本頁面由 Cloud Translation API 翻譯而成。

Text embeddings API

本指南說明如何使用 Text Embeddings API 將文字轉換為數值向量。本文涵蓋下列主題：

語法：使用 cURL 或 Python SDK 呼叫 API。
要求和回應：瞭解文字嵌入模型的要求和回應參數。
範例：查看程式碼範例，瞭解如何嵌入文字字串。
後續步驟：參閱相關說明文件。

文字嵌入 API 會將文字轉換為稱為嵌入的數值向量。這些向量表示法會擷取文字的語意和情境。

支援的機型：

您可以使用下列模型取得文字嵌入：

模型名稱	說明	輸出維度	序列長度上限	支援的文字語言
`gemini-embedding-001`	在英文、多語言和程式碼工作方面表現優異。這項模型整合了先前的專用模型 (例如 `text-embedding-005` 和 `text-multilingual-embedding-002`)，並在各自領域中展現更出色的效能。詳情請參閱我們的技術報告。	最多 3072 個	2048 個符記	支援的文字語言
`text-embedding-005`	專精於英文和程式碼工作。	最多 768 個	2048 個符記	英文
`text-multilingual-embedding-002`	擅長處理多語言工作。	最多 768 個	2048 個符記	支援的文字語言

如要取得最佳嵌入品質，請使用 gemini-embedding-001，這是我們設計的大型模型，可提供最高效能。

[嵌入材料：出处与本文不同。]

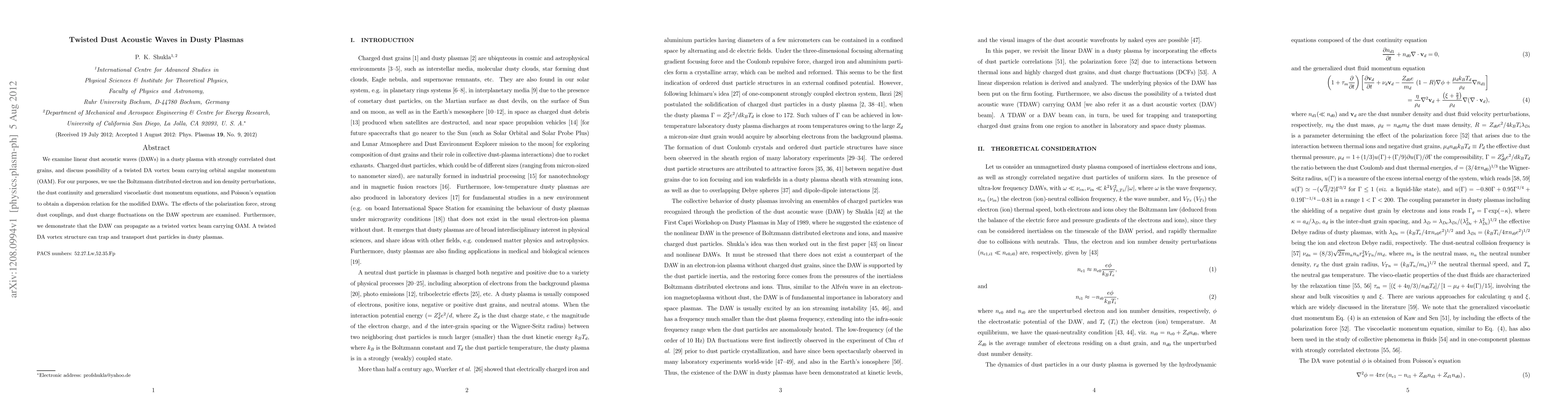 This paper investigates linear dust acoustic waves in strongly correlated dusty plasmas, focusing on the potential for these waves to form twisted vortex beams with orbital angular momentum. The study employs Boltzmann distributions and viscoelastic dust equations to derive a dispersion relation, highlighting the influence of polarization forces and dust interactions on the wave spectrum.
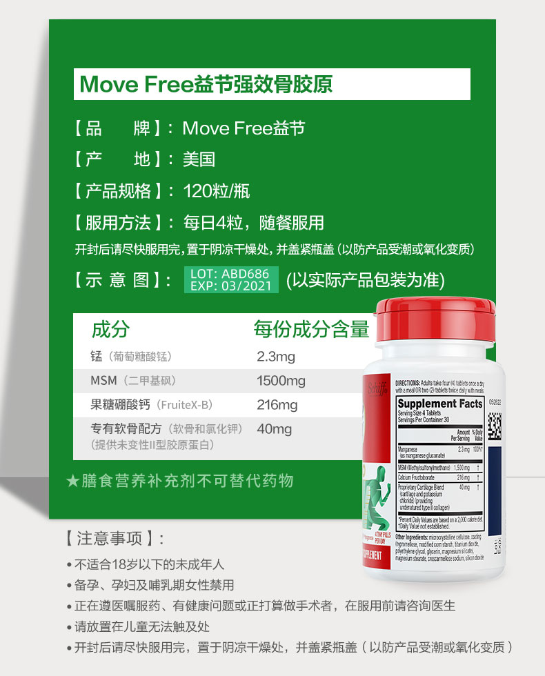 Move Free益节,美国专业关节健康品牌,多年专注关节健康领域。产品拥有氨糖及多和有效成分的科学配方,有效预防、舒缓疼痛,增加润滑,修护关节,让人们免受关节不适带来的痛苦和不便。
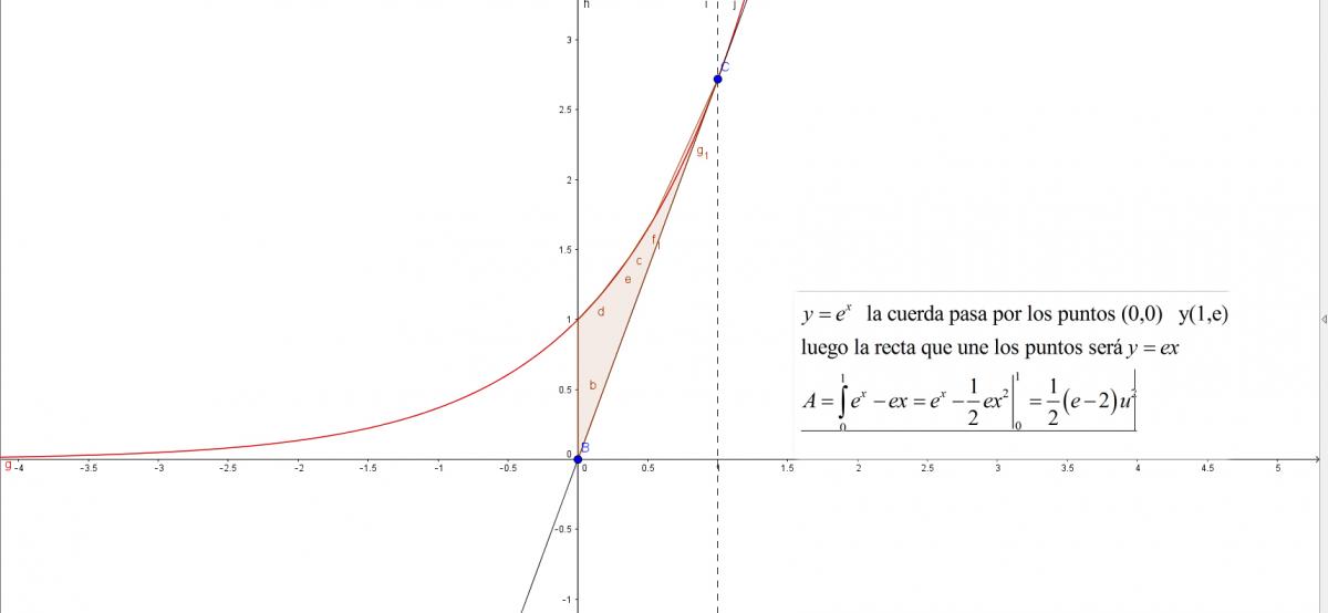 A = ∫ ( (e-1)x + 1 - ex ) dx = [ (e-1)x2/2 + x - ex ], evaluamos con la regla de Barrow entre 0 y 1 y queda:
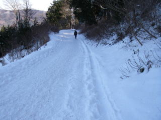 | 下りの道の日陰はすっかり踏み固められた雪に覆われ、滑りやすいところがあり恐る恐る歩きました。一部は昔の登山道らしきところに入って歩いたので少しショートカットをして下ることが出来ました。 |
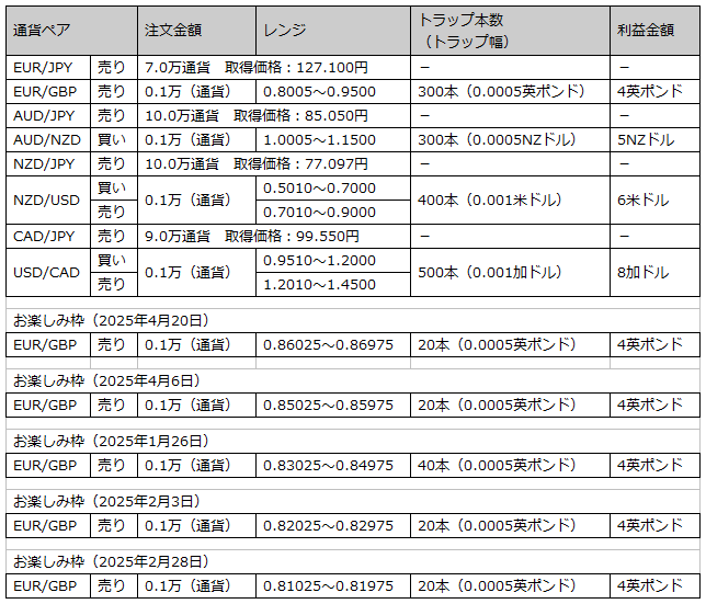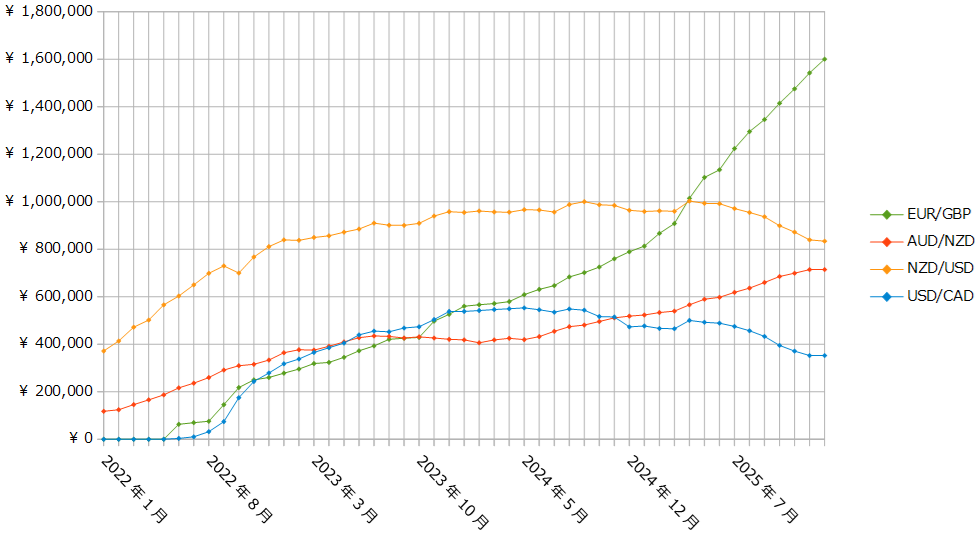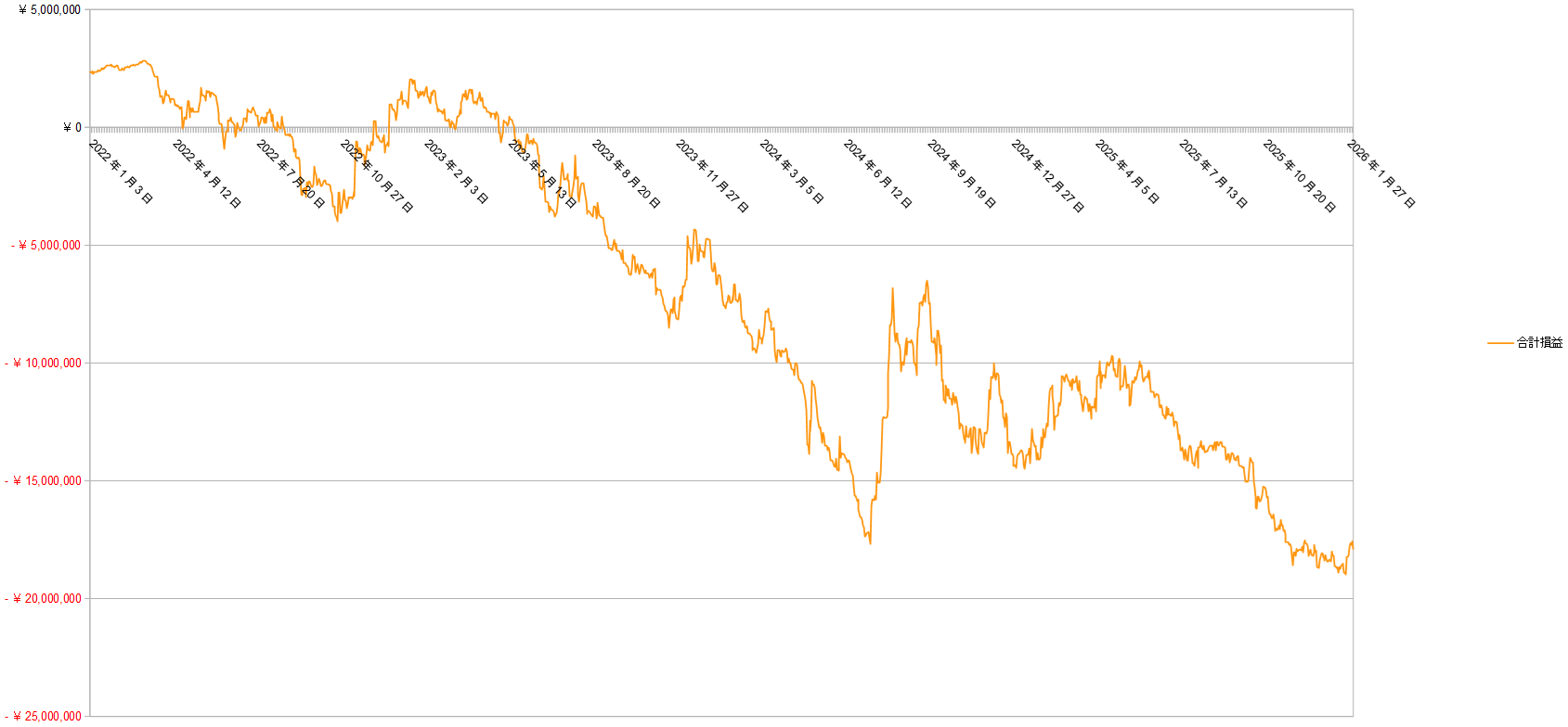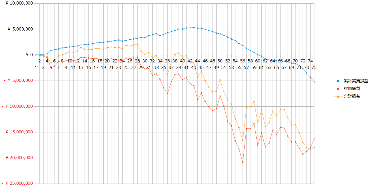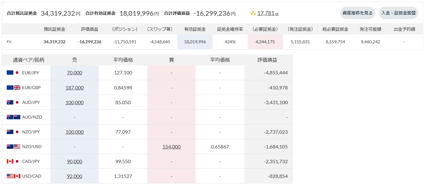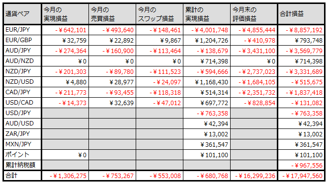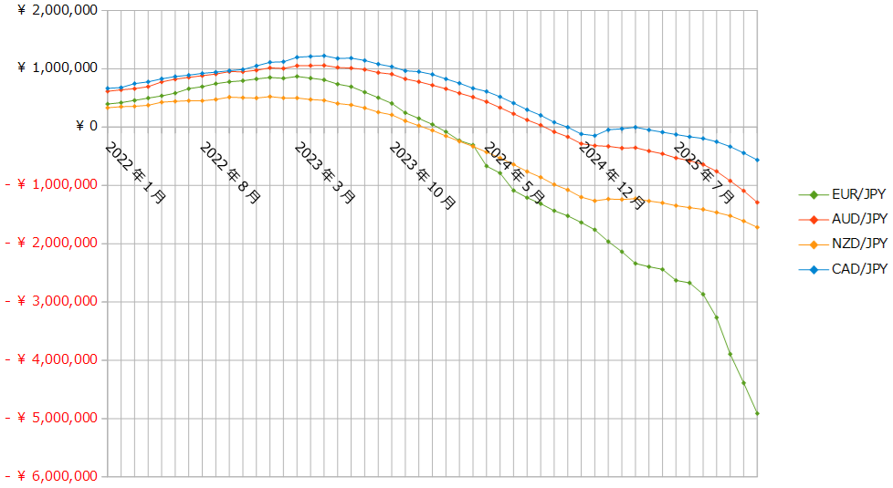 【トラリピ】2026年1月(4週間分)の運用実績>実質損益-895,676円 2026年02月01日 2026年1月(1月4日~1月31日:4週間分)のトラリピ運用実績です。1月8日、23日にクロス円の通貨ペアのポジションを20本ずつ落とし、705,320円の売買損が生じたので、それを除いた今月の実質損益は-57,901円です。未実現スワップ考慮前未実現スワップ考慮後集計時点の預託証拠金ベースで集計しています。未実現スワップ考慮前の金額は、トレード画面(口座状況)の金額と一致しています。合計損益は税引き後、実現損益(実質損益)は税引き前の金額です。累計の実質損益=累計の実現損益+未実現スワップ今月の実質スワップ損益=未実現スワップ-先月末の未実現スワップ+今月のスワップ損益今月の実質損益=今月の売買損益+今月の実質スワップ損益2026年1月の合計損益の推移2022年1月以降の合計損益の推移実質損益の推移(累計)累計実質損益の推移(クロス円)累計実質損益の推移(クロス円以外)2026年1月末(2026年1月31日)の口座状況2026年1月末の注文状況トラリピさん、来月もよろしくお願いします。 < 前の記事次の記事 >

請注意，gemini-embedding-001 每個要求僅支援一個執行個體。

語法

curl

PROJECT_ID = PROJECT_ID
REGION = us-central1
MODEL_ID = MODEL_ID

curl -X POST \
  -H "Authorization: Bearer $(gcloud auth print-access-token)" \
  -H "Content-Type: application/json" \
  https://${REGION}-aiplatform.googleapis.com/v1/projects/${PROJECT_ID}/locations/${REGION}/publishers/google/models/${MODEL_ID}:predict -d \
  '{
    "instances": [
      ...
    ],
    "parameters": {
      ...
    }
  }'

Python

PROJECT_ID = PROJECT_ID
REGION = us-central1
MODEL_ID = MODEL_ID

import vertexai
from vertexai.language_models import TextEmbeddingModel

vertexai.init(project=PROJECT_ID, location=REGION)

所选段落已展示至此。